Ich wandte mich um. Dass Lelei mir in den Wettkampf folgen könnte, damit hatte ich nicht gerechnet. Doch da stand sie: Vor einer alten Hängebrücke, die über eine Schlucht hinweg zu dem entfernten, bewaldeten Plateau führte.

Ohne zu zögern, setzte ich mich in Bewegung, betrat die morschen Holzbalken, die bedenklich unter meinen Schuhen knarzten, und hangelte mich Stück für Stück vorwärts. Dabei konkurrierten meine Gedanken mit den tosenden Stromschnellen des Flusses am Fuße der Schlucht. Ich wusste weder wonach, noch wo ich überhaupt anfangen sollte, nach diesem Gegenstand zu suchen; er könnte überall und alles sein.

Aber es brachte nichts, sich jetzt verrückt zu machen. Irgendwo musste ich schließlich anfangen. Also folgte ich dem Pfad am Ende der Brücke, der mich direkt in den Wald führte. Die Welt versank in Zwielicht und die erdrückende Stille, welche über den schwarzroten Kronen der Ahornbäume lag, jagte mir Schauder das Rückgrat hinunter.

»Ich denke, ich habe etwas gefunden.« Lelei erschien an meiner Seite und brachte Licht in das Dunkel. »Komm mit.«

Der Tümpel, den sie entdeckt hatte, lag nur wenige Gehminuten entfernt. Farne und Moos umspielten die Wasseroberfläche, die sich mit dem Flüstern des Windes zu Bildern formte: Ein grünender Hain inmitten von hohen Gletschern. Die heißen Dämpfe einer Quelle. Eine Hütte.

Ich trat näher heran. »Spürst du das auch?« Alte Magie lag über diesem Ort und sie schien auf sonderbare Weise nach mir zu rufen. Ihrem Sog konnte ich mich nicht entziehen.

»Ja.«

»Ich werde hineingehen.« Kurzerhand beugte ich mich vor und sprang ins Wasser. Dann begann ich zu tauchen. Doch einen Grund erreichte ich nicht.

Da war ... nichts.

Aber da musste etwas sein. Ich spürte, dass dort etwas war.

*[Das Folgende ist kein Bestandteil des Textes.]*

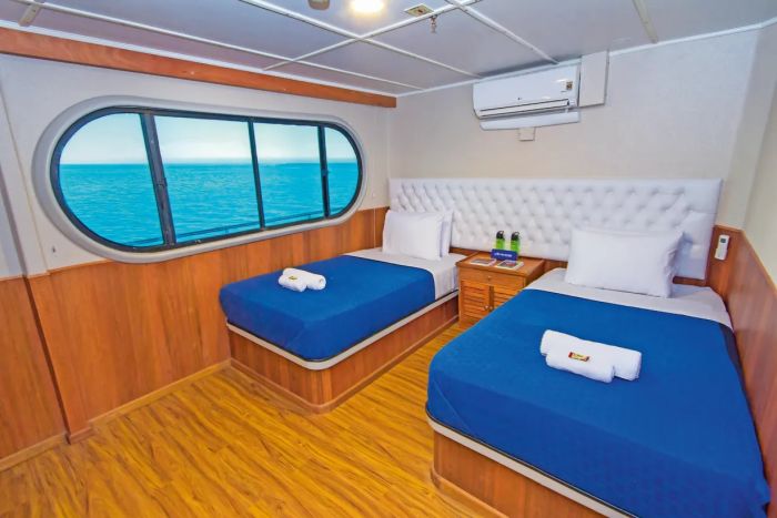 | Katamaran «TIP TOP II» Die «M/C TIP TOP II» wurde 2008 gebaut und 2015-2016 renoviert, um das höchste Maß an Komfort zu bieten. Die «TIP TOP II» bietet 16 Passagieren in 10 klimatisierten Kabinen Platz, je mit Privatdusche/WC, Föhn und Sicherheitsbox. Eine Bar, ein Essraum und ein Aufenthaltsraum sowie vor allem auch ein Sonnendeck gewähren einen angenehmen Aufenthalt an Bord. Alle Sicherheitsausrüstungen entsprechen den Bestimmungen der Internationalen Küstenwache. Bei einer Gruppengrösse von 14 Teilnehmenden steht die «TIP TOP II» exklusiv zur Verfügung. Bei weniger Teilnehmenden können noch Gäste von auswärts dazu gebucht werden. Die Schiffs-Crew besteht aus Kapitän, mehrsprachiger Reiseleitung, Ingenieur, Koch, Kellner und zwei Seeleuten. Einige technische Angaben 31.50 m lang, Tiefgang von 1,55 m, Geschwindigkeit 12 Knoten, Twin Detroit Diesel MTU 350 PS Hauptmotoren, Twin 60 KW John Deere / Marathon (M) Stromaggregate, Wasserabscheider, Abwasserbehandlungssystem Raritan Marine Sanitation Device. Westfalia Separator Mineralölsysteme. WMSQ-2500 Umkehrosmose-Entsalzungssystem. | ||||

Nachdem ich meine Lungen erneut mit Luft gefüllt hatte, tauchte ich abermals unter. Diesmal bewegte ich mich an den Rändern des Tümpels entlang und tastete mich so weiter in die Tiefe. Bis meine Hände plötzlich ins Leere griffen.

Eine Einkerbung? Oder sogar ein Tunnel?

Ich tauchte tiefer und ja: Es war ein Durchgang.

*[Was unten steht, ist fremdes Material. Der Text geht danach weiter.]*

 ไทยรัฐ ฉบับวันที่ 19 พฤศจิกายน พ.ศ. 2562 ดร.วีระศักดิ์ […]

Kurzerhand schwamm ich hindurch und gelangte in die düsteren Gewölbe einer Höhle. Lediglich von einer einfachen Holzhütte, welche in den Felswänden verankert war, ging dumpfes Licht aus. Ich zog mich aus dem Wasser und hielt auf sie zu; soweit ich erkennen konnte, flankierten von Knorzen übersäte Baumstümpfe den Weg dorthin. Die Tür selbst war mit einem abgenutzten Riegel verschlossen, eine Inschrift prangte über ihr:

Aus Licht geboren. An die Welt verloren. Von Schatten erkoren.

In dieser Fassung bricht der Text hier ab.